→ Try it:
Type out the listing below exactly. Pictures stay out of it.

→ Given information:
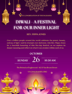 Please join UUCP for today’s in-person and online service, “Diwali – A Festival for Our Inner Light” led by Rev. Pippa Jones at 10:30 a.m.
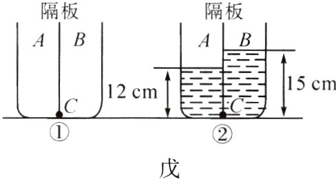 (8)(2024·宜宾)利用如图戊①的实验器材进行拓展实验:容器中间用隔板分成A、B两部分,隔板底部有一小圆孔(用C表示),用薄橡皮膜封闭,橡皮膜两侧压强不同时,其形状会发生改变。如图戊②,当在A中盛水,测得深度为12 cm,在B中盛某种液体,测得深度为15 cm,此时C处橡皮膜形状刚好不改变,则B中液体密度ρ液 = ____________kg/m³。(ρ水 = 1.0×10³ kg/m³)
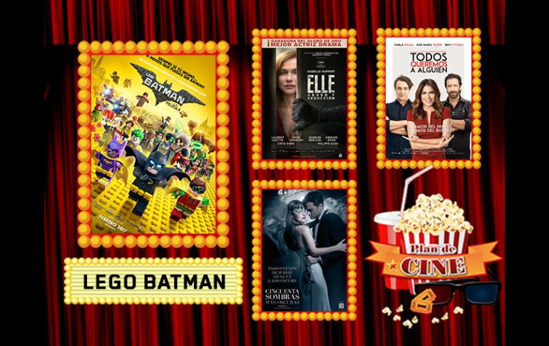 GUADALAJARA, JALISCO (09/FEB/2017).- Este fin de semana tenemos la llegada de cinco nuevas películas a la cartelera de cine de nuestra ciudad. Y para conocer un poco más Arturo Garibay nos habla un poco sobre cada una de ellas. Checa su comentario y arma tu Plan de Cine.La animación 'Lego Batman, la película' llega para adueñarse de la taquilla, al igual que 'Cincuenta sombras más oscuras'. Además tenemos el estreno de 'Elle, abuso y seducción', cinta que tiene a Isabelle Huppert en la contienda por el Oscar a Mejor actriz.También esta la otra nominada al Oscar 'Enemigo de todos' y la apuesta mexicana de la semana con 'Todos queremos a alguien', protagonizada por Karla Souza.¡Tenemos boletos!Asiste a la premiere de 'El que busca encuentra' este 13 de febrero en Cinépolis de La Gran Plaza. Participa por un pase doble en nuestras redes sociales.No te pierdas una nueva entrega de 'Plan de Cine' todos los jueves en EL INFORMADOR.
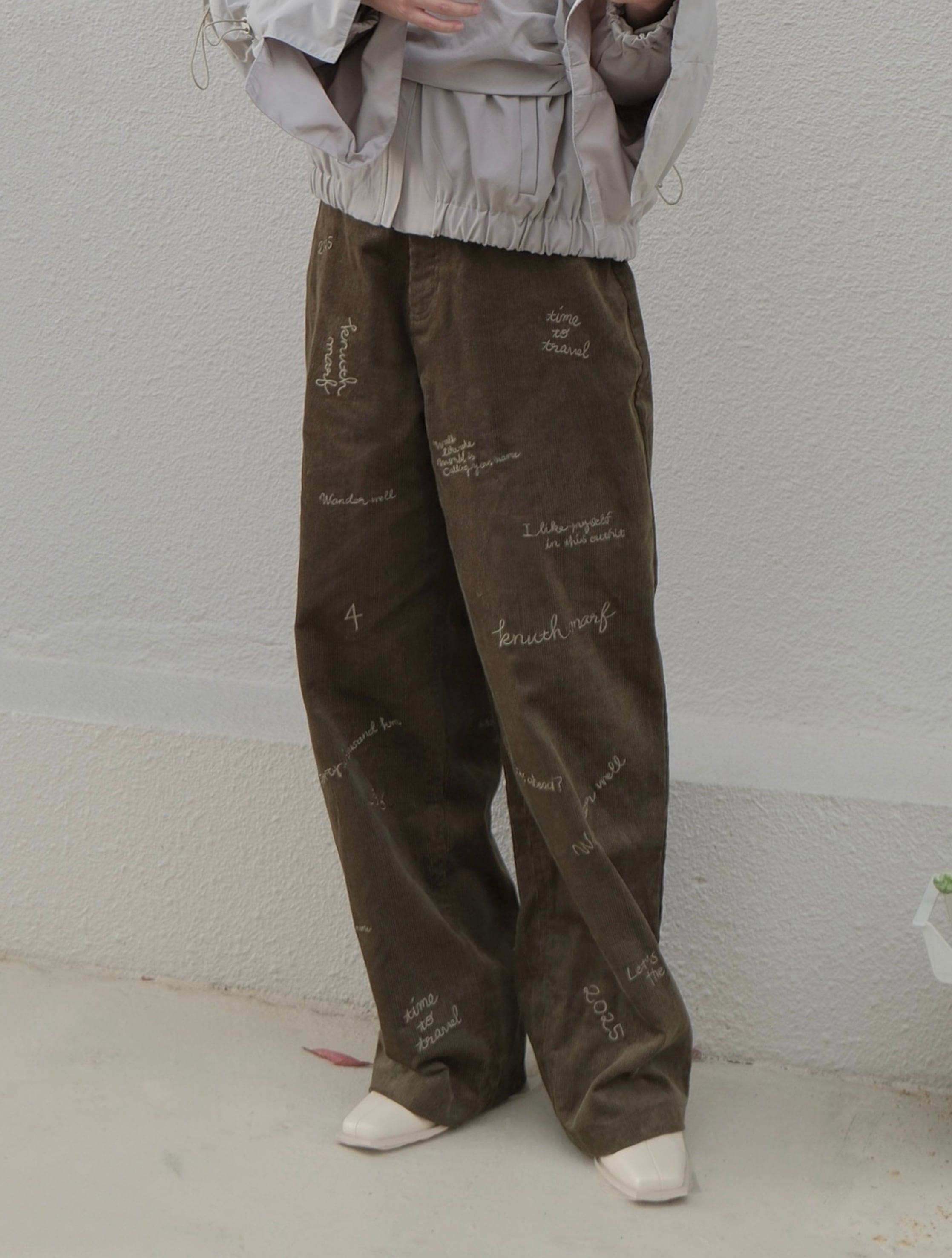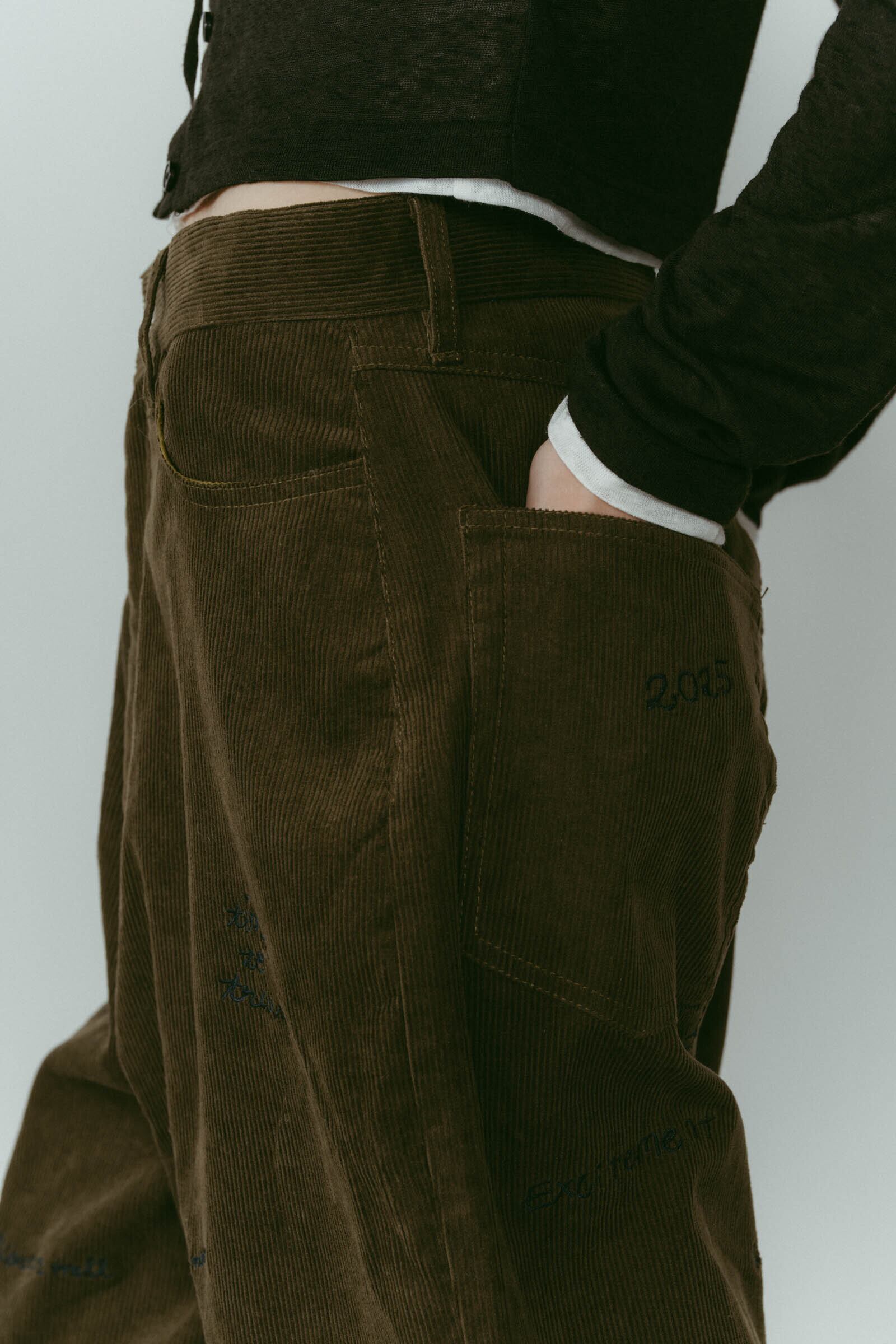 秋冬に馴染むコーデュロイ素材のパンツに、

→ Reply:
 Please join UUCP for today’s in-person and online service, “Diwali – A Festival for Our Inner Light” led by Rev. Pippa Jones at 10:30 a.m.
 (8)(2024·宜宾)利用如图戊①的实验器材进行拓展实验:容器中间用隔板分成A、B两部分,隔板底部有一小圆孔(用C表示),用薄橡皮膜封闭,橡皮膜两侧压强不同时,其形状会发生改变。如图戊②,当在A中盛水,测得深度为12 cm,在B中盛某种液体,测得深度为15 cm,此时C处橡皮膜形状刚好不改变,则B中液体密度ρ液 = ____________kg/m³。(ρ水 = 1.0×10³ kg/m³)
 GUADALAJARA, JALISCO (09/FEB/2017).- Este fin de semana tenemos la llegada de cinco nuevas películas a la cartelera de cine de nuestra ciudad. Y para conocer un poco más Arturo Garibay nos habla un poco sobre cada una de ellas. Checa su comentario y arma tu Plan de Cine.La animación 'Lego Batman, la película' llega para adueñarse de la taquilla, al igual que 'Cincuenta sombras más oscuras'. Además tenemos el estreno de 'Elle, abuso y seducción', cinta que tiene a Isabelle Huppert en la contienda por el Oscar a Mejor actriz.También esta la otra nominada al Oscar 'Enemigo de todos' y la apuesta mexicana de la semana con 'Todos queremos a alguien', protagonizada por Karla Souza.¡Tenemos boletos!Asiste a la premiere de 'El que busca encuentra' este 13 de febrero en Cinépolis de La Gran Plaza. Participa por un pase doble en nuestras redes sociales.No te pierdas una nueva entrega de 'Plan de Cine' todos los jueves en EL INFORMADOR.
 秋冬に馴染むコーデュロイ素材のパンツに、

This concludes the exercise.